森林を育てるには過密になった木を適度に間伐することが必要だが、活用の難しいものが放置されるなど、間伐材処理が近年新たな問題となっている。そんな間伐材の問題に対して、自然界の朽木の60%を分解すると言われるシロアリによって解決するという発想で、間伐材を用いたシロアリの養殖に取り組んだ。その上、間伐材で殖えたシロアリは栄養価が高く、価格が高騰している養殖魚の飼料といった用途も想定できるため、「第一次産業が直面する2つの課題へ同時にアプローチできる」と生徒たちは胸を張る。

水産飼料として有望なシロアリ

まず着手したのは、間伐材を用いたシロアリの飼育だ。最初の実験では、カビの発生などからほとんどのシロアリが死んでしまったが、木材の形状や飼育環境を変えながら実験を重ね、成育、産卵まで確認できた。見事養殖に成功した生徒たちは、効率的な養殖ができるよう、木材の中でシロアリが繁殖する適切な個体数についても研究している。

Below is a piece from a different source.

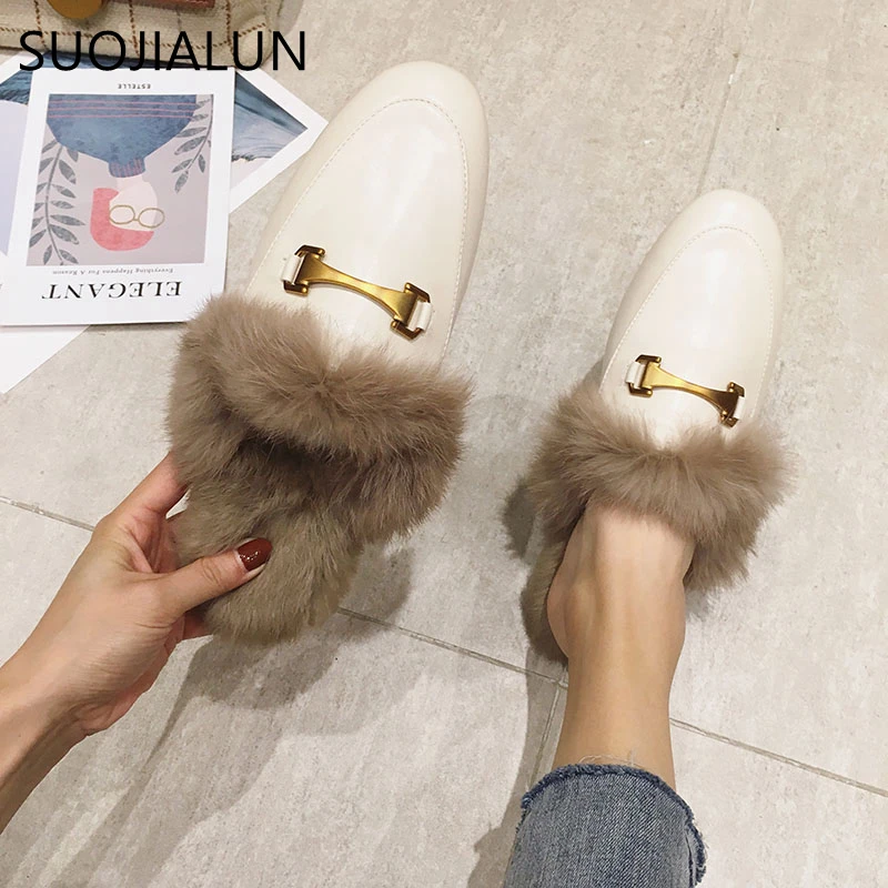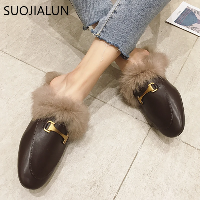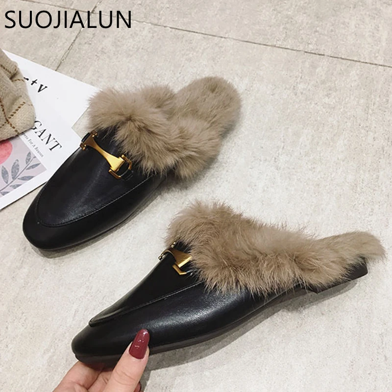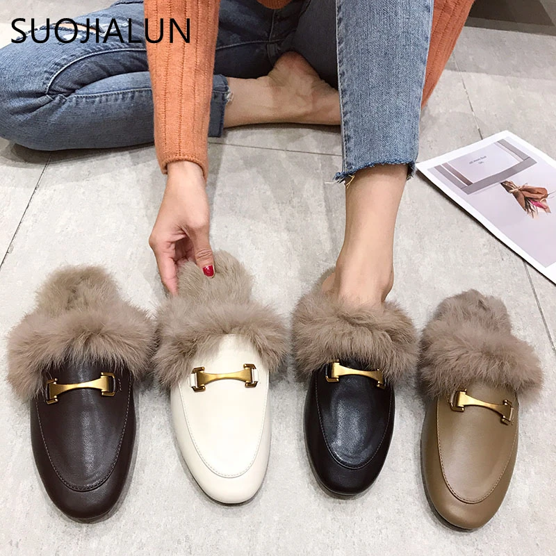 Special Offer SUOJIALUN Frauen Flache Hausschuhe Slip Auf Maultiere Marke Designer 2019 Mode Luxus Niet T strap Rutschen Slip Auf Loafers maultiere Discount 41% Today!

飼料化に向けては、従来の飼料とシロアリを配合した飼料について、魚の成長への影響を比較。シロアリ配合飼料を与えると、非配合飼料に比べて同程度またはそれ以上の成長がみられることが分かった。一連の実験で、シロアリは間伐材で養殖でき、飼料としても有用であることが明らかになった。研究過程では新たに、シロアリの脂質成分が、化粧品や食用油などに用いられている落花生オイルと酷似していることが判明。良質なオイルであることから、燃料としての使用も視野に入ってくる。林業、水産業の問題に加え、エネルギー問題にも応用できる可能性を見出している。
一般には嫌われる昆虫であるシロアリだが、先入観にとらわれず成果を出した研究は、今後さらなる展開が期待されており、すでに企業と協働しながらシロアリ配合飼料の実用化に向けて動き出している。